*** Opening Information provided ***

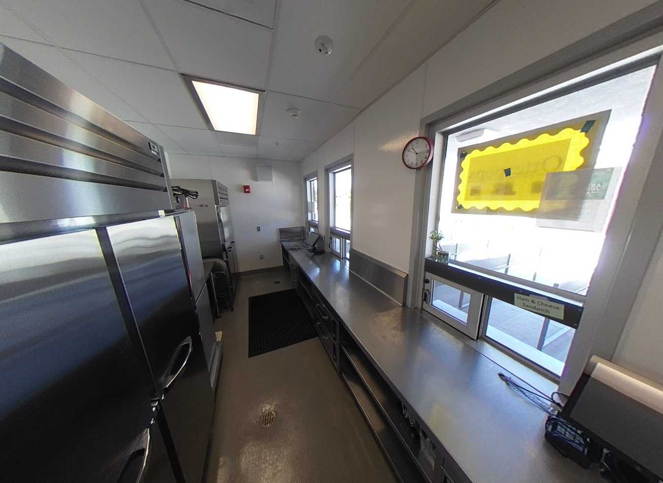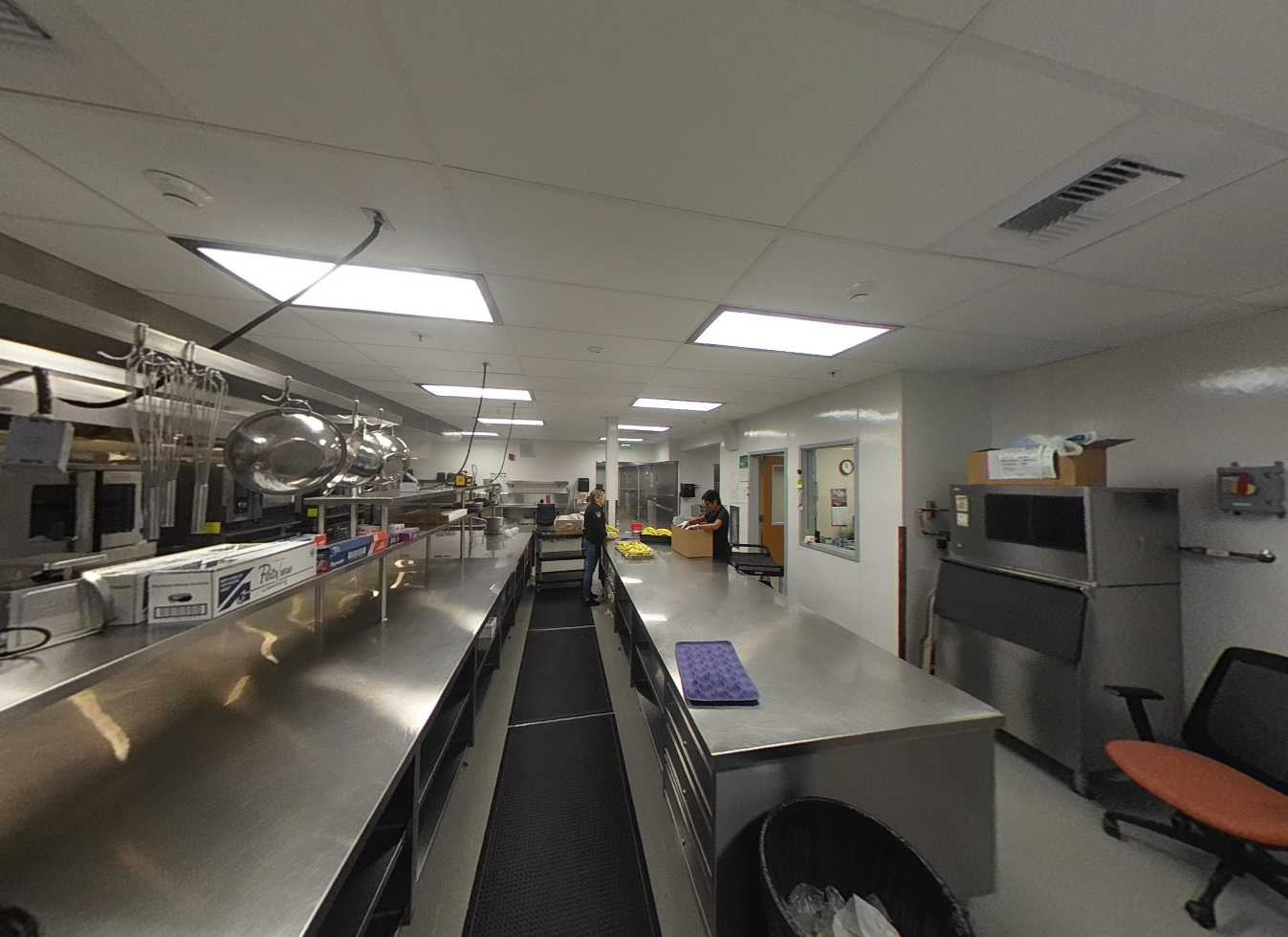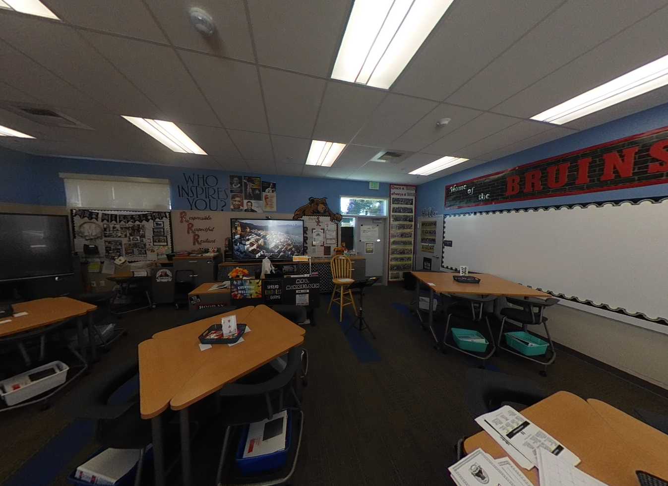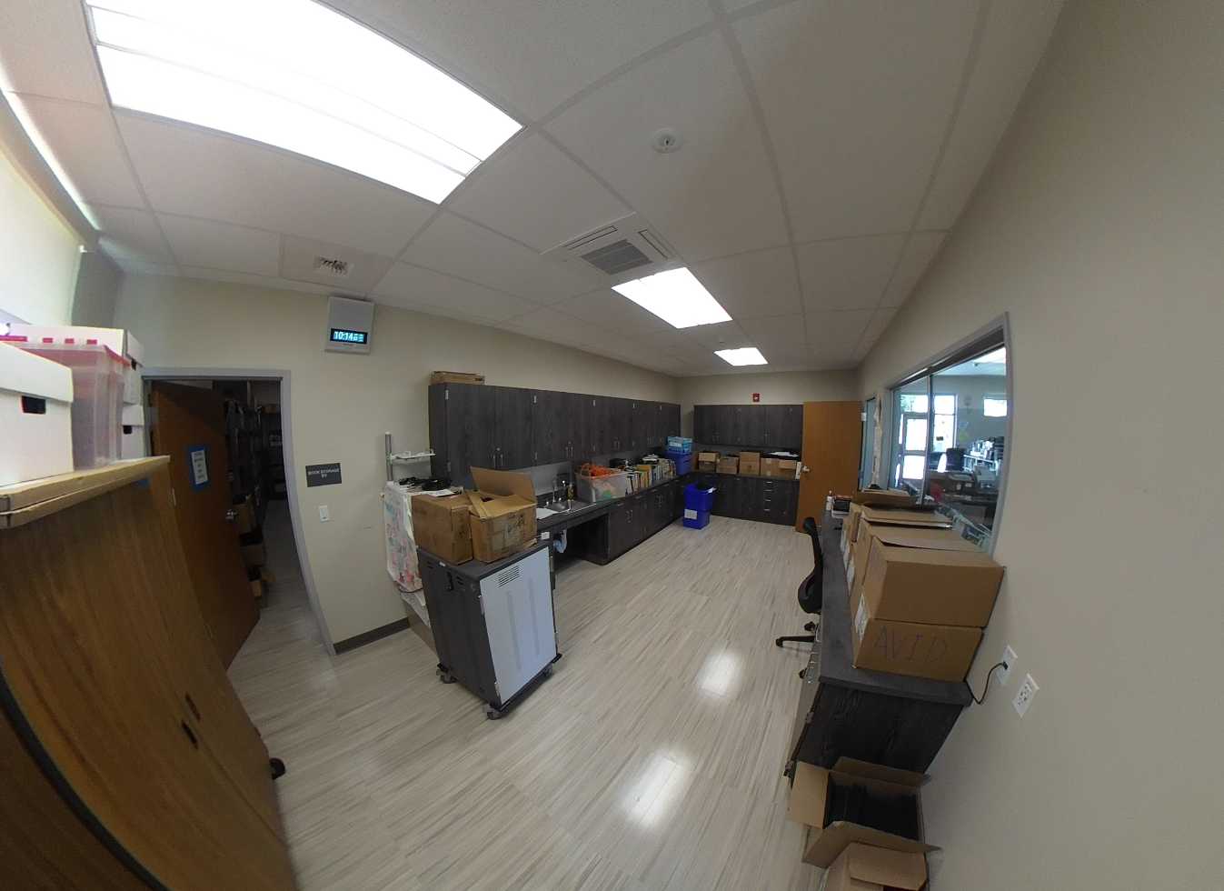 Each of the five classroom pods consist of four buildings surrounding a central courtyard with solar panel structures. Standard classrooms feature carpeted floors, tackable walls surfaces, flexible furniture, and garage-style roll-up doors for indoor-outdoor learning. Each pod includes science or maker spaces with concrete floors, roll-up doors, prep areas, storage casework, and ceiling-mounted cord reel outlets. Minor deterioration of plastic laminate finishes is noted. Restrooms in each pod are accessible and in good condition.
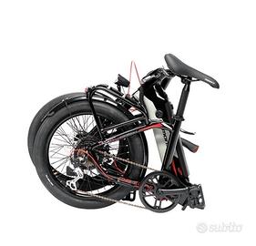 Ottima per chi cerca praticità e performance da ebike. Freni a disco meccanico Tektro, cambio Shimano a 6 velocità, motore Bafang da 250W, batteria estraibile da 470Wh. Telaio pieghevole in alluminio, una volta chiusa rimane veramente compatta ed occupa pochissimo spazio. Facile da trasportare è ottima per chi vuole portarle con sé in vacanza, in camper, campeggio, o per gite. Forcella ammortizzata Zoom, gomme in ottime condizioni, pastiglie dei freni nuove. Dotate di impianto di luci anteriori e posteriori, campanello, catarifrangenti e specchietto.
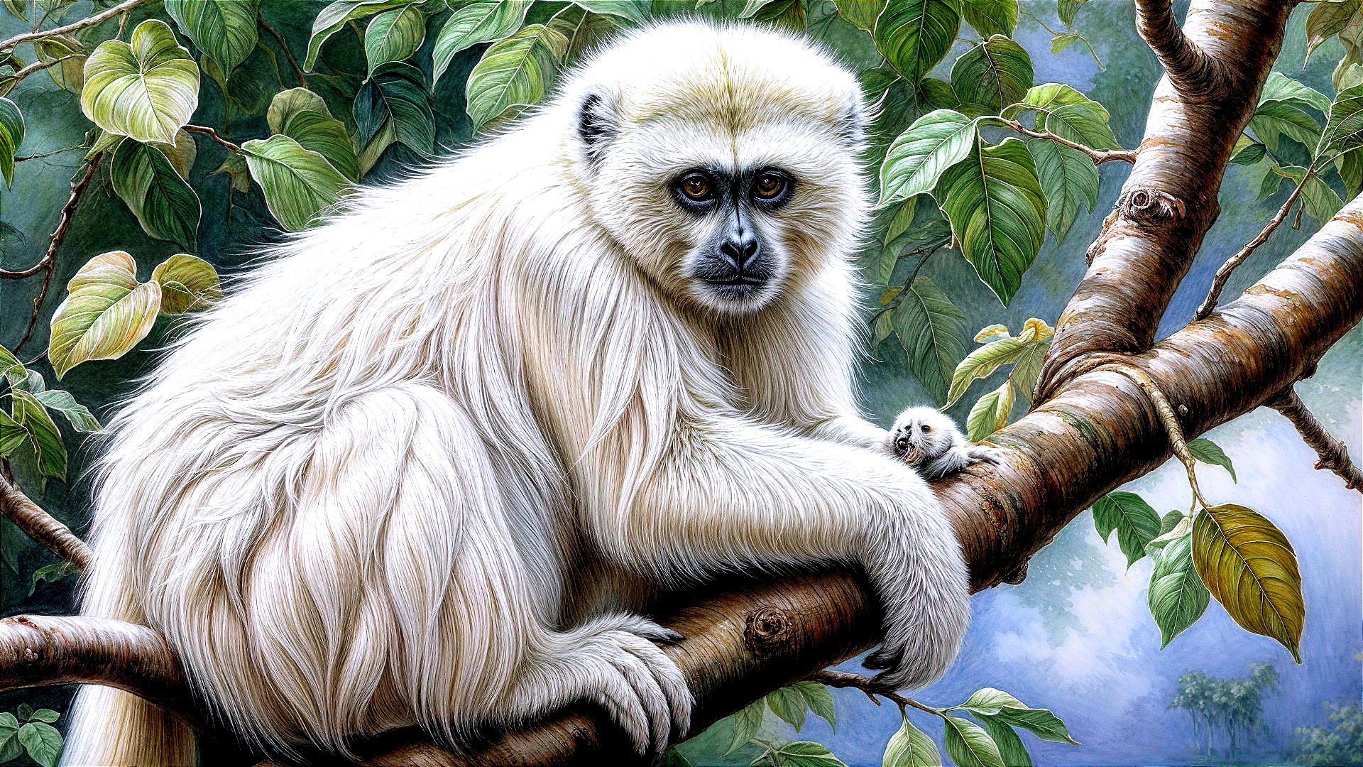 This captivating oil painting showcases a pastel white gibbon perched on a tree, featuring intricate details and vibrant colors. Thick paint layers add depth, blending various artistic influences in a stunning masterpiece.
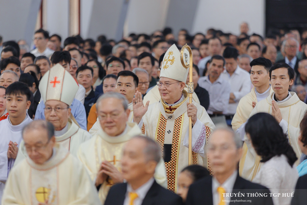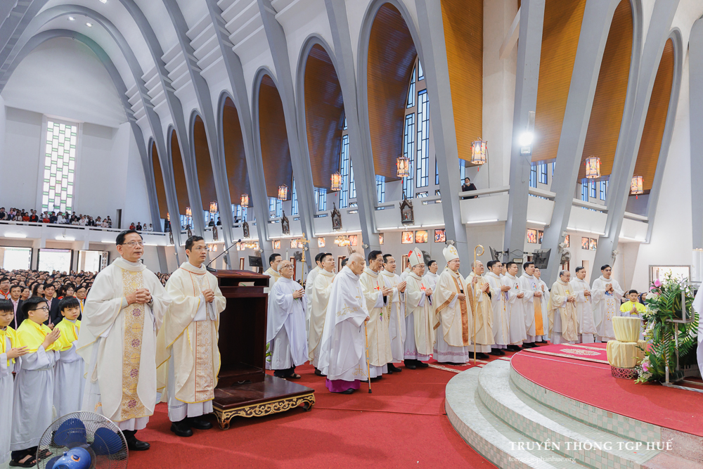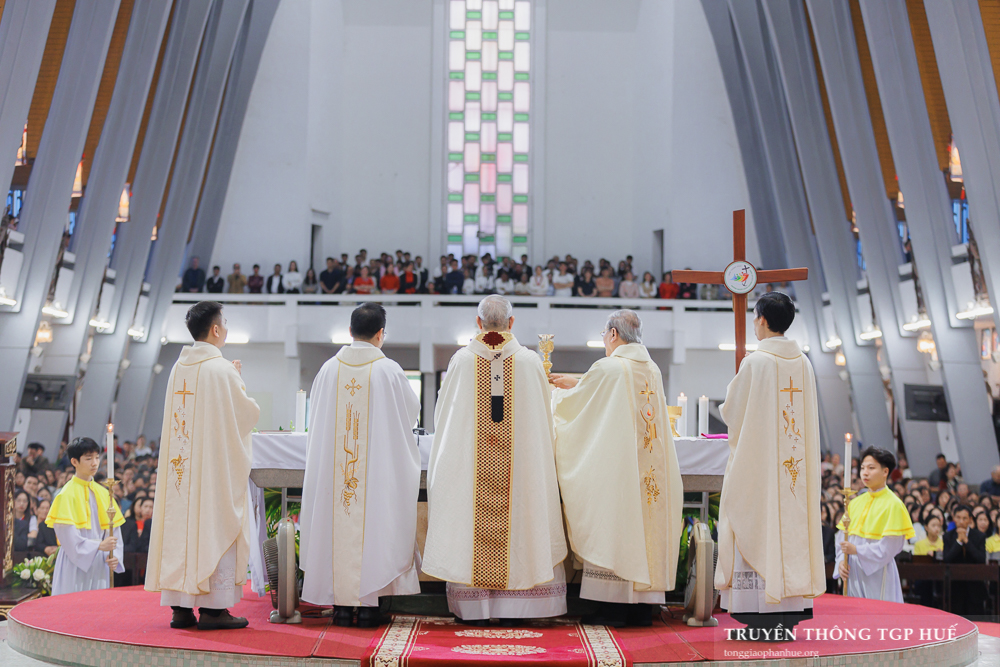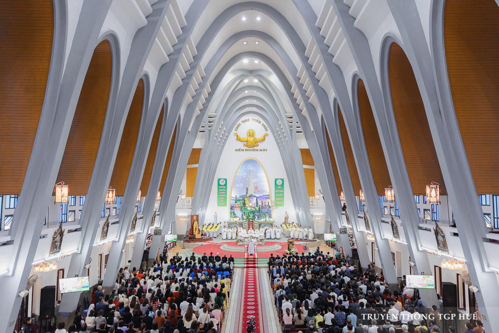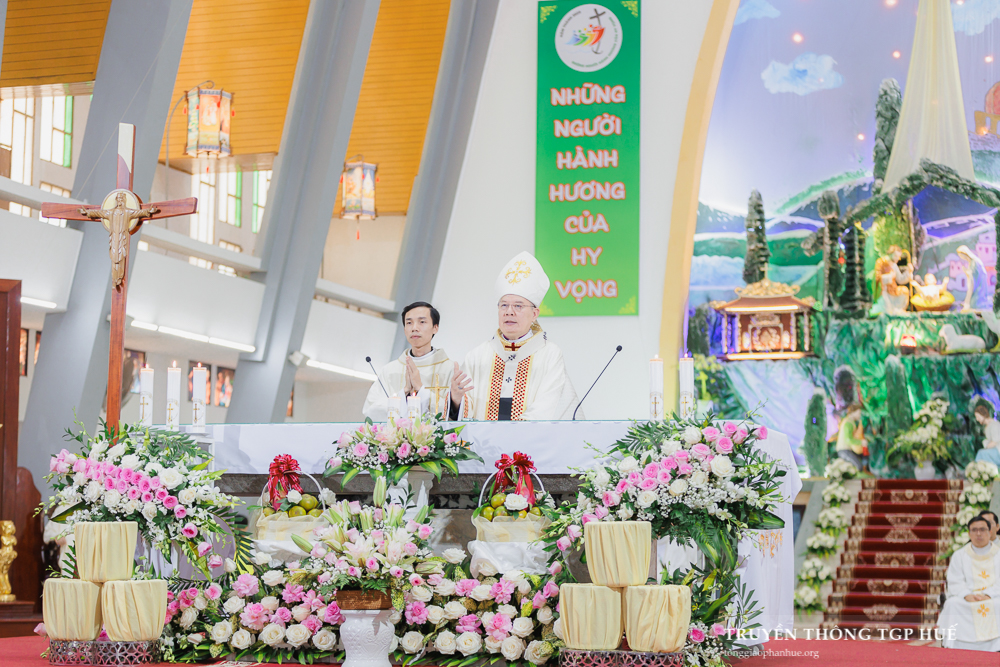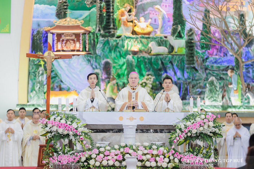 Thánh lễ Đại triều mừng Chúa Giáng Sinh được cử hành lúc 08g30 sáng ngày 25.12.2025 tại Nhà thờ Chính tòa Phủ Cam. Cùng đồng tế có Đức Cha Phanxicô Xaviê Lê Văn Hồng – Nguyên TGM TGP Huế, Cha Barnaba Trần Đình Phục – Tổng Đại diện, Cha Đaminh Phan Hưng – Đại diện Giám mục, quý Đức Ông, quý Cha triều và quý Cha dòng trong TGP. Hiệp dâng Thánh lễ có đông đảo nam nữ Tu sĩ, Chủng sinh và anh chị em giáo dân.

*** Closing Information provided ***

Omit every picture, then reproduce the rest of the listing exactly.

Task answer >>
 Each of the five classroom pods consist of four buildings surrounding a central courtyard with solar panel structures. Standard classrooms feature carpeted floors, tackable walls surfaces, flexible furniture, and garage-style roll-up doors for indoor-outdoor learning. Each pod includes science or maker spaces with concrete floors, roll-up doors, prep areas, storage casework, and ceiling-mounted cord reel outlets. Minor deterioration of plastic laminate finishes is noted. Restrooms in each pod are accessible and in good condition.
 Ottima per chi cerca praticità e performance da ebike. Freni a disco meccanico Tektro, cambio Shimano a 6 velocità, motore Bafang da 250W, batteria estraibile da 470Wh. Telaio pieghevole in alluminio, una volta chiusa rimane veramente compatta ed occupa pochissimo spazio. Facile da trasportare è ottima per chi vuole portarle con sé in vacanza, in camper, campeggio, o per gite. Forcella ammortizzata Zoom, gomme in ottime condizioni, pastiglie dei freni nuove. Dotate di impianto di luci anteriori e posteriori, campanello, catarifrangenti e specchietto.
 This captivating oil painting showcases a pastel white gibbon perched on a tree, featuring intricate details and vibrant colors. Thick paint layers add depth, blending various artistic influences in a stunning masterpiece.
 Thánh lễ Đại triều mừng Chúa Giáng Sinh được cử hành lúc 08g30 sáng ngày 25.12.2025 tại Nhà thờ Chính tòa Phủ Cam. Cùng đồng tế có Đức Cha Phanxicô Xaviê Lê Văn Hồng – Nguyên TGM TGP Huế, Cha Barnaba Trần Đình Phục – Tổng Đại diện, Cha Đaminh Phan Hưng – Đại diện Giám mục, quý Đức Ông, quý Cha triều và quý Cha dòng trong TGP. Hiệp dâng Thánh lễ có đông đảo nam nữ Tu sĩ, Chủng sinh và anh chị em giáo dân.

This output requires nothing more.